Hydrostatics/Equilibrium: An object hanging by a light cord in a bucket of water

[LunarJK]

Homework Statement

A rock with a mass of 2.8 kg is suspended from the roof of an elevator by a light cord. The rock is totally immersed in a bucket of water that sits on the floor of the elevator, but the rock doesn't touch the bottom or sides of the bucket.
When the elevator is at rest the tension of the cord is 19.9 N. Calculate the volume of the rock in cubic centimeters (cm^3).

Homework Equations

Pascal's Law: P = Po + gρh
V = Ah or V = m/ρ
P = F/A
ΣF = 0

The Attempt at a Solution

I am a little confused about how to go about this problem as I'm just starting into fluid dynamics... but my initial step into this was to assume that if the rock is not touching the bottom of the bucket, and is also not floating up, that it is in a state of equilibrium.

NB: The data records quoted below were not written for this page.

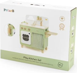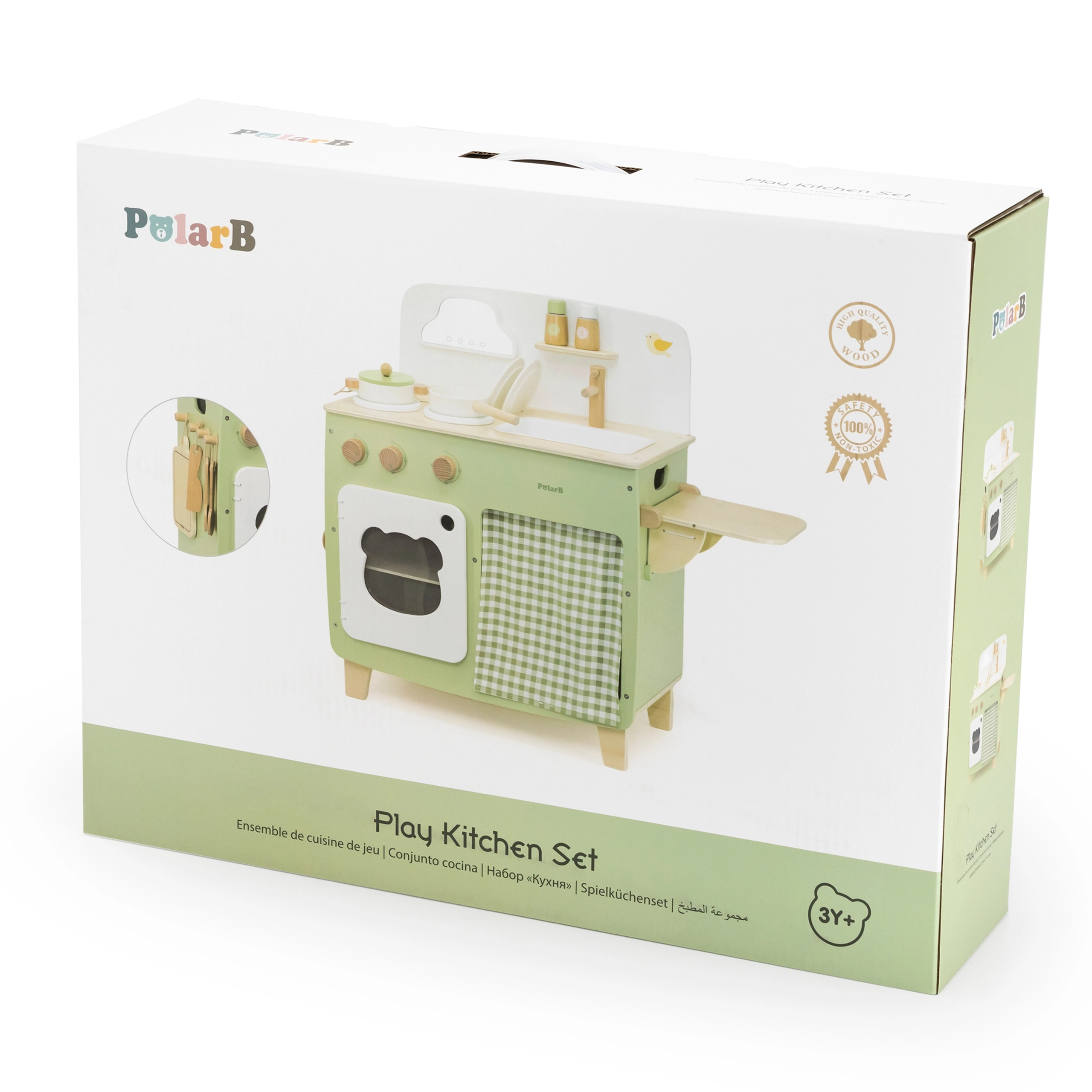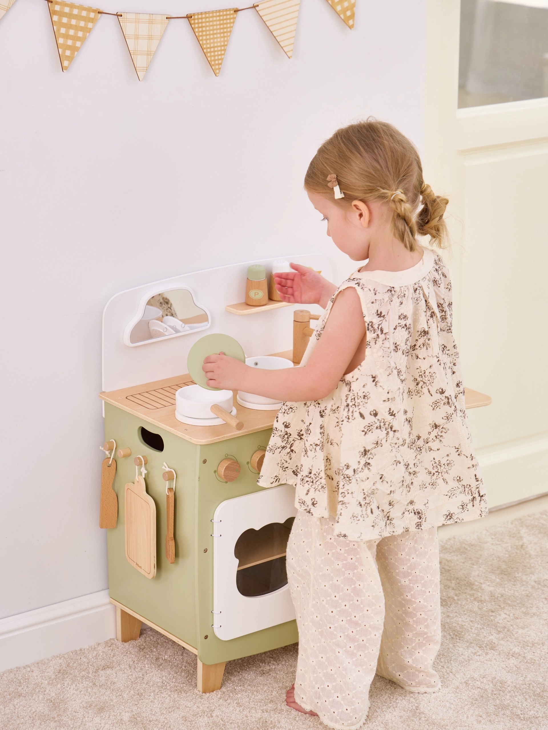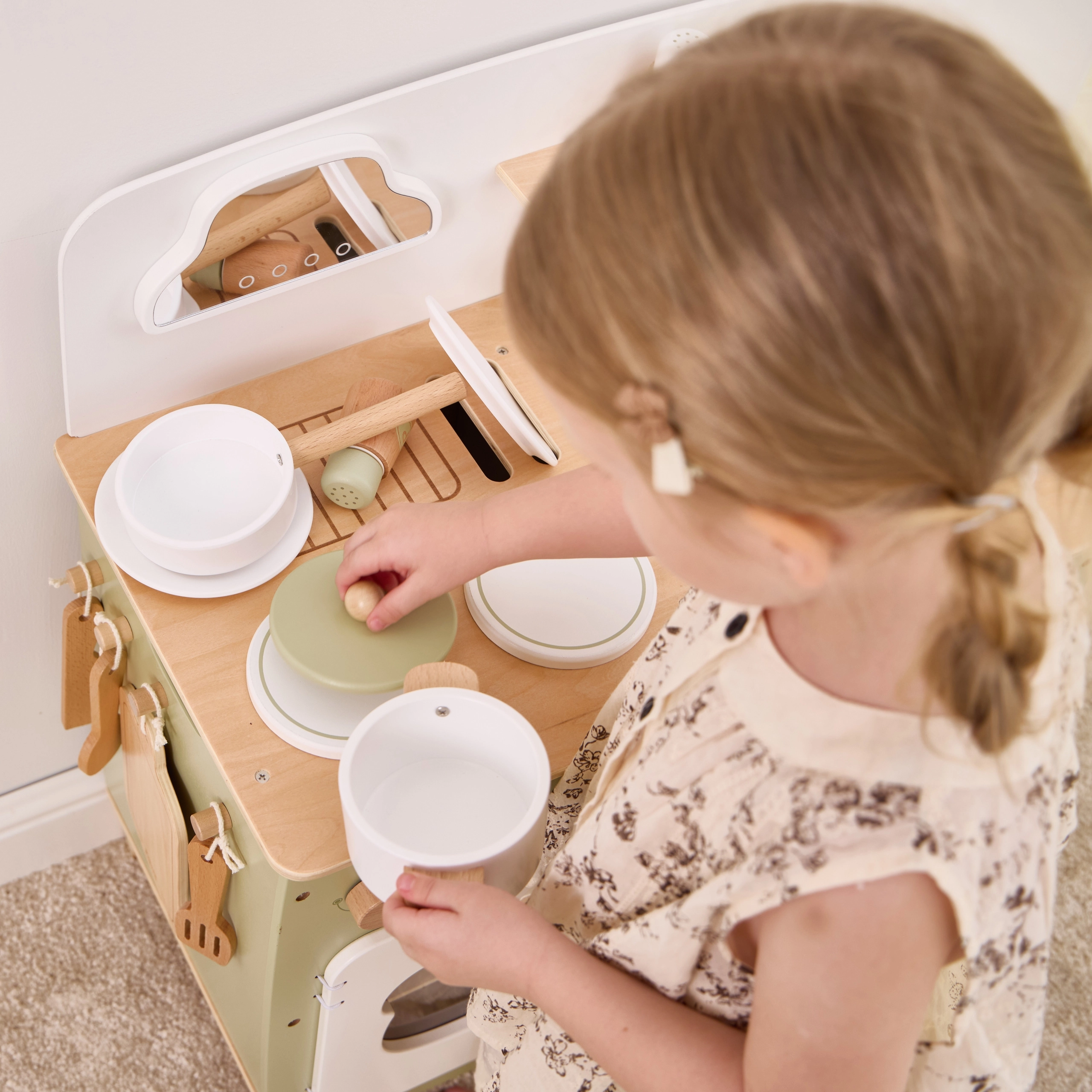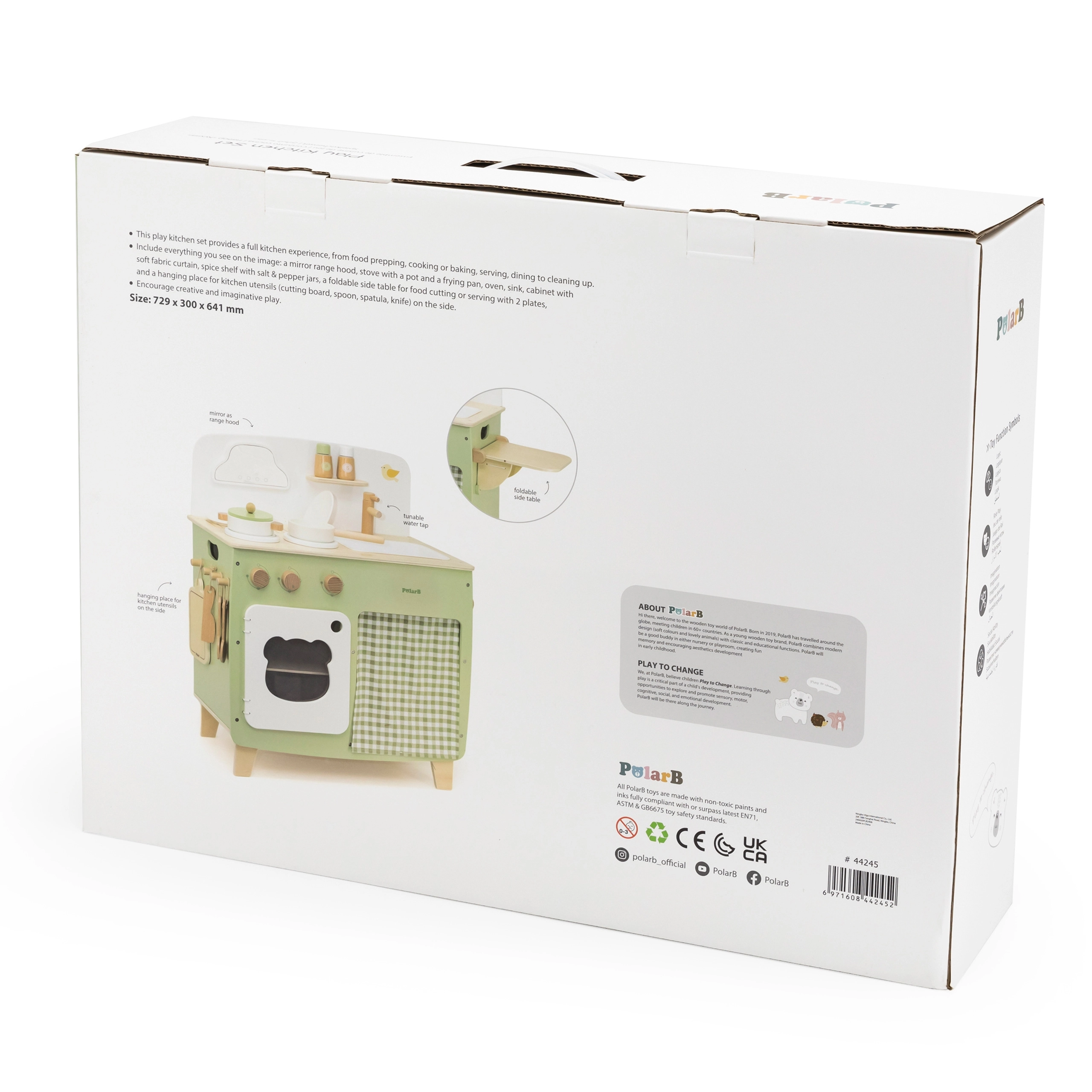 Stilīga bērnu virtuvīte patīkamās dabas un zaļos toņos piedāvā bērniem reālistisku gatavošanas pieredzi. Pateicoties izturīgajai koka konstrukcijai, grozāmajiem kloķiem, izlietnei un krāsnij, mazie pavāri baudīs stundām ilgas drošas un radošas rotaļas. Praktiskais nolokāmais sānu plaukts paplašina darba virsmu griešanai vai maltītei, savukārt skapītis ar aizkaru paslēps visus dārgumus.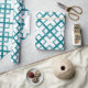 Squares, or diamonds intersect in two shades of the chosen background colour. Default colour is dark sea green. Large diamond is darkest shade with the lighter, smaller diamond, interwoven (crossed over and under) the dark in a woven lattice work look.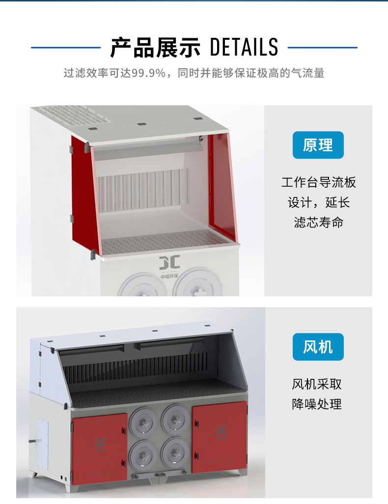 1、抽風工作臺進風口處設置一導流板,用于防止含塵直接沖擊濾芯,從而延長濾芯的使用壽命。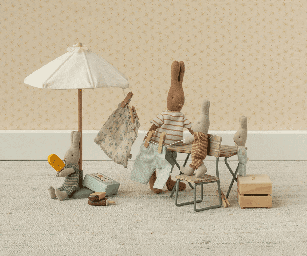 - Perfect voor buiten en binnen: Of je kind nu binnen speelt of buiten in de tuin, de Sunshade Miniature voegt een speels en realistisch detail toe aan elke Maileg setting.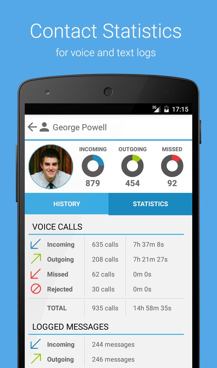 - Apply filters by entry type (voice call / text message), date interval or call direction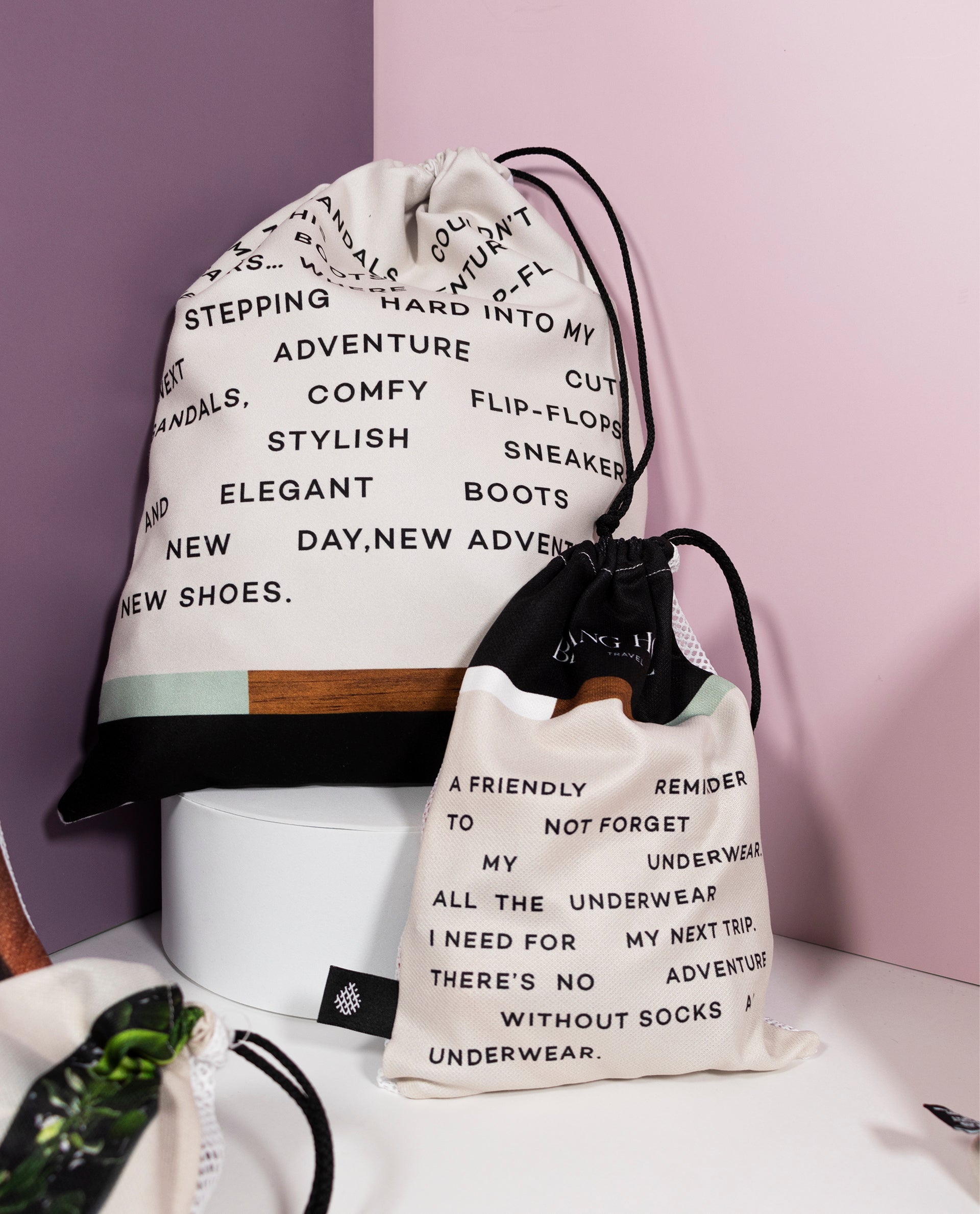 Nous personnalisons des produits textiles uniques pour le secteur du voyage, comme notre sac de voyage pratique, confortable et accrocheur qui peut être réutilisé et emporté partout. Masques de voyage ergonomiques, chaussons et coussins pour compagnies aériennes, voyages de motivation et hébergements touristiques.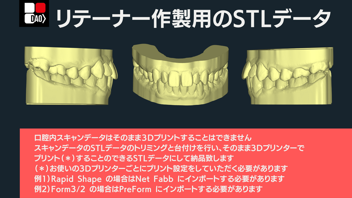 DAO Planning Centerは、アライナー矯正治療の診断に必要なデータを納品します。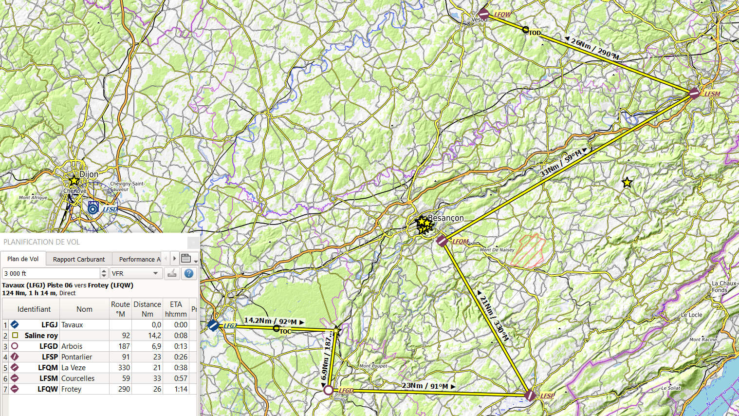VFR Dole LFGJ - Vesoul LFQW : les.pln et .gpx sont intégrés dans le zip d'origine ci-dessus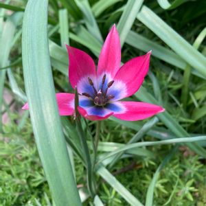 原種系ミニチューリップのリトルビューティー 3年前に白5個 赤5個植えて今はこの子が最後 結構頑張ってる♪ また見つけたら買ってこよ〜 ( ´ ▽ ` )/ 大きな葉っぱはアリウム ギガンチウム 抜かないと…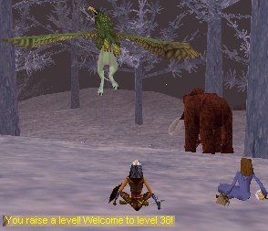 SnowGriffin狩りが続きます。Sowを掛け、インビジも掛けて、TrackingをしながらEWの南側半分を行ったり来たり・・・Manaが余り始めると、近くのマンモスやら何やらを虐めて、MottieのEXPも稼いで遊んでいました。おかげでMottieはLevel38に。一石二鳥で、なかなか良かったかもね。^^;; |

So I started by trying to recognize all forces acting upon the rock: T-tension on the cord upwards, mg-weight of the rock due to gravity, PoA- force of the Atmospheric pressure acting down on the rock, and PA-pressure of the water acting up on it. From this i stated that:
T + PA - mg - PoA = 0 thus,
T + PA = mg - PoA

However since i know the mass of the rock, tension of the cord, and I'm assuming gravity to be 9.81 m/s2, this equation can be simplified as far as:
A(P-Po) = 7.56N

Now the Po will equal just the standard atmospheric pressure of 101.345 kPa, but that still leaves 2 unknowns that I'm not too sure how to deal with.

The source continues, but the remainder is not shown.